Each Rate Transition Block with an input signal from a block \( a \) and an output signal to a block \( b \) is translated to a special function node \( f_{rt} \) that converts the sample time \( FTS_a = (p_a, init_a) \) of block \( a \) to the sample time \( FTS_b = (p_b, init_b) \) of block \( b \). We assume that \( p_a \) and \( p_b \) are integer multiples i.e. either \( p_a = n * p_b \) or \( p_b = n * p_a \) (\( n \in \mathbb{N}^+ \)). This is assured by selecting the Simulink check box “Ensure deterministic data transfer” of the rate transition block. In fact, this also would ensure that \( init_a = init_b \), but to be more general we only assume \( init_a \leq init_b \) here. The function node \( f_{rt} \) has an incoming channel at its input port \( p^i_a \) from \( f_a \) (function node corresponding to \( a \)) and an outgoing channel from its output port \( p^o_b \) to \( f_b \) (function node corresponding to \( b \)).

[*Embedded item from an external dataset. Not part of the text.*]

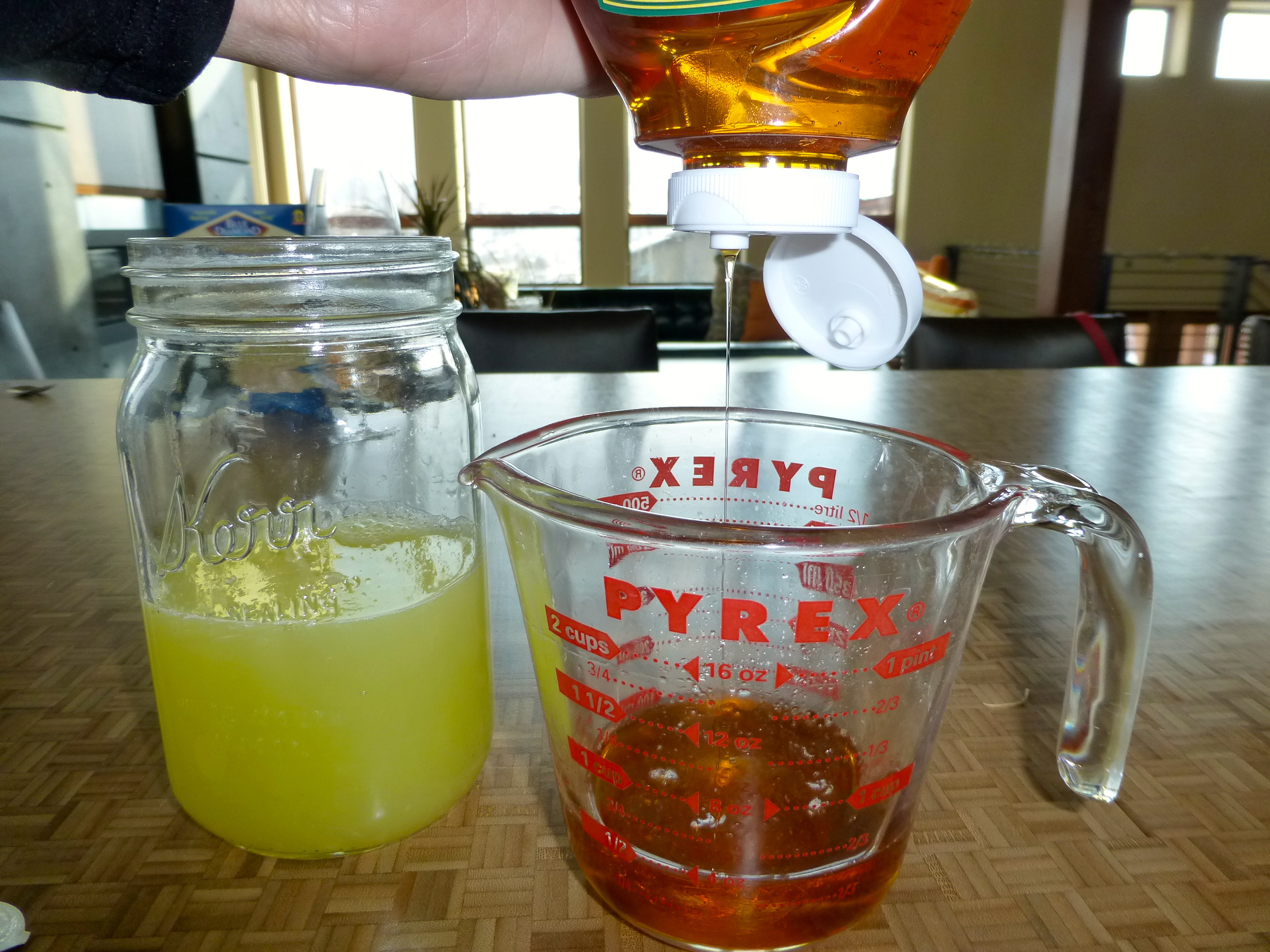 Equal parts lemon/lime juice and agave sat in the fridge, waiting to mingle with ice, tequila, and a lime wedge later. Fun! (It was mostly an excuse to visit my juicer.)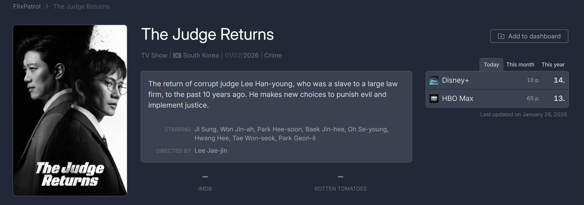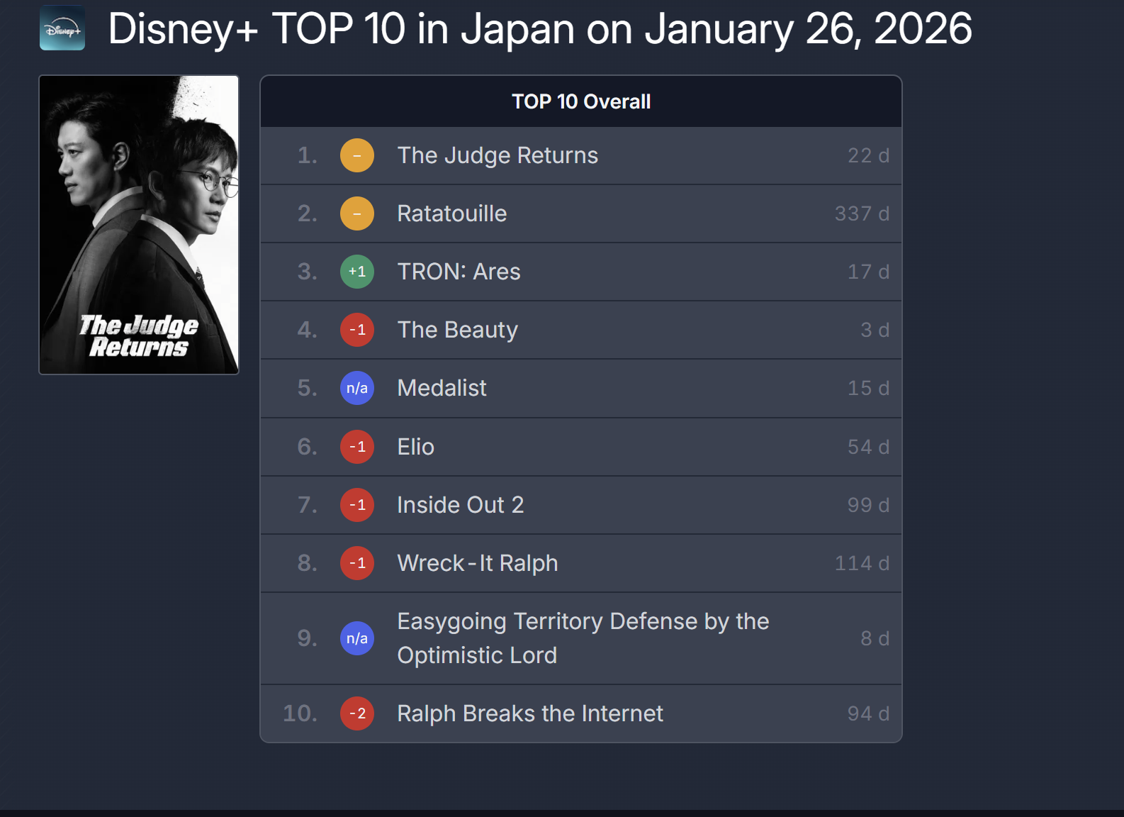 According to FlixPatrol, a global ranking aggregation site, MBC's Judge Lee Han-young ranked the first in viewership on Disney+) Japan during its premiere week and continues to maintain strong rankings in the Japanese market.

The characteristic of \( f_{rt} \) depends on the following:

1. If \( p_a > p_b \), we add an input port \( p^i_a \to f_{rt} \) triggered by a \( Source \) node \( \phi_{rt} \) with an event pattern that implements \( FTS_a \setminus FTS_b \). Furthermore, we add a \( Shared \) data node that is written from a second output port \( p^o_w \) and has a read channel to \( p^i_a \). This data node is necessary to store the latest event received at \( p^i_a \). The transition system then contains a transition from \( p^i_a \) to \( p^o_w \) and from \( p^o_w \) to \( p^o_b \). If furthermore \( FTS_a \in FTS_b \), there exists also a transition from \( p^i_a \) to \( p^o_b \). If otherwise \( FTS_a \notin FTS_b \), there exists no such transition, because block \( a \) and \( b \) never run at the same time-step in Simulink.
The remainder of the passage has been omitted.